15.12.2021, 15:49:02

Hallo wir haben heute im Rep besprochen, dass es nur getrenntes vom Körper nur eine Sache ist, wenn es nicht in den Körper zurück soll. Hier soll doch das Blut des P wieder in dessen Körper?

Lukas_Mengestu

Lukas_Mengestu

15.12.2021, 17:51:58

Vielen Dank für Deine Nachfrage, Caldza. In der Tat ist dieser Punkt umstritten. Im Zivilrecht hat der BGH in einer einzigen (!) Entscheidung bezüglich der Sachqualität danach differenziert, ob ein Körperbestandteil (Spendersamen) vorübergehend oder dauerhaft entfernt werden soll. Ob er im Zivilrecht daran noch festhält, ist fraglich. Jedenfalls im Strafrecht lehnt der überwiegende Teil der Literatur die Unterscheidung aus den in der Aufgabe genannten Gründen ab (s. Quellen). Die Unterscheidung Deines Repetitoriums würden wir insofern jedenfalls im Strafrecht nicht teilen :-). Beste Grüße, Lukas - für das Jurafuchs-Team

ENU

ehemalige:r Nutzer:in

15.12.2021, 18:11:05

Vielen Dank Lukas. Ich habe nochmal im Skript nachgelesen. Hier wird auch das Beispiel einer Spende genannt.

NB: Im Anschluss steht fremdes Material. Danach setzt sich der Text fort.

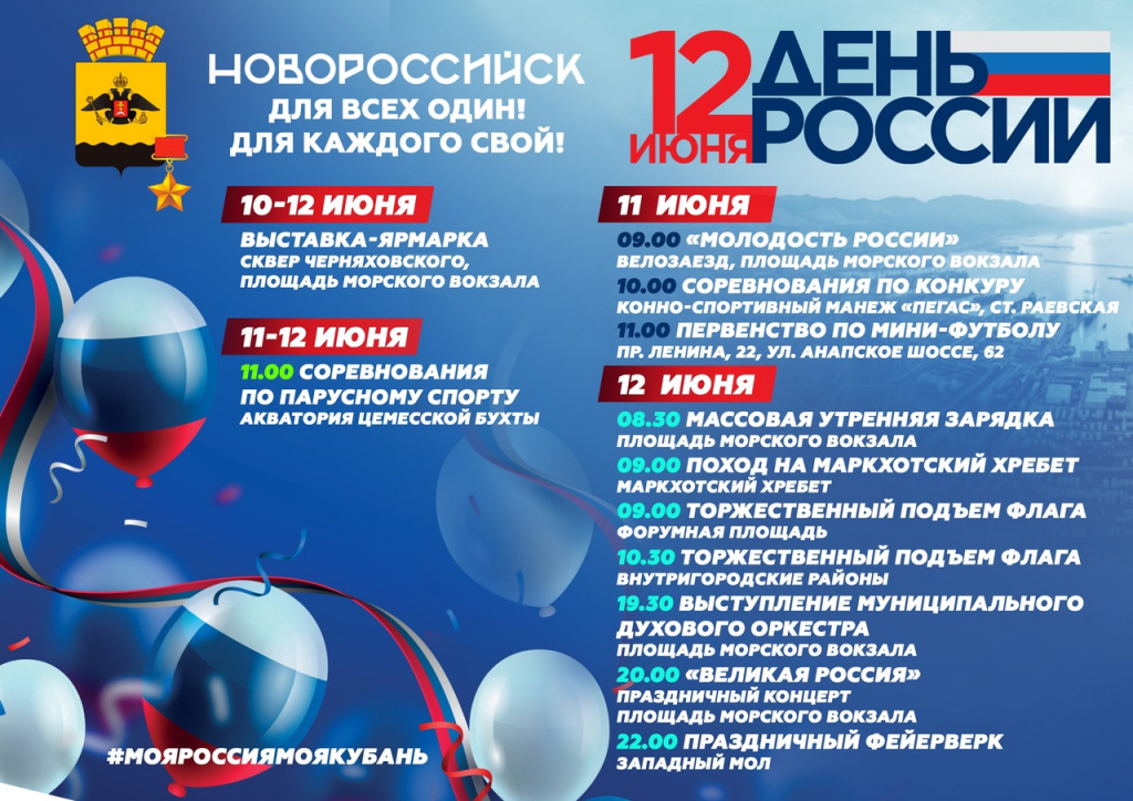 12 июня вся страна отмечает День России, а с 11 по 13 июня в Новороссийске состоится открытие туристического сезона. В честь этих событий в городе пройдет целый ряд праздничных мероприятий, о которых мы расскажем ниже.
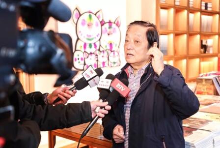 韩美林接受中央电视台、北京电视台等多家媒体的采访
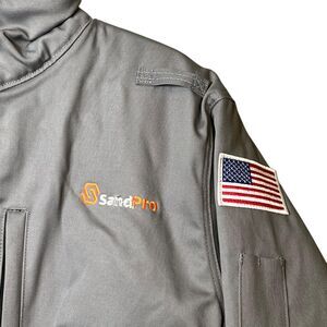 Features: High stand collar; chest zip pocket; two front hand pockets; hook-and-loop cuff tabs; shoulder loops; American flag sleeve patch
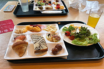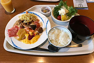 朝食はバイキング。(今はどこでもですが)マスクとビニール手袋を付けて取りに行きます

Aber naja nun kennt man beide Ansichten 🙂

Lukas_Mengestu

Lukas_Mengestu

15.12.2021, 18:52:49

Alles klar, danke für die Rückmeldung! Das schöne in der Klausur ist, dass Du Dich letztlich frei entscheiden darfst. Du darfst nur nicht vergesen, deinen Weg zu begründen :-)

FO

forste35

21.11.2024, 11:40:20

Ob Blut laut BGH eine Sache ist, wenn es zurückgeführt werden soll ist umstritten! Bitte um eine Ergänzung dahingehend :)

Juraganter

Juraganter

21.11.2024, 13:32:08

Falls damit die uneindeutige Fragestellung gemeint ist, stimme ich zu. In der Erklärung wird es nämlich erwähnt.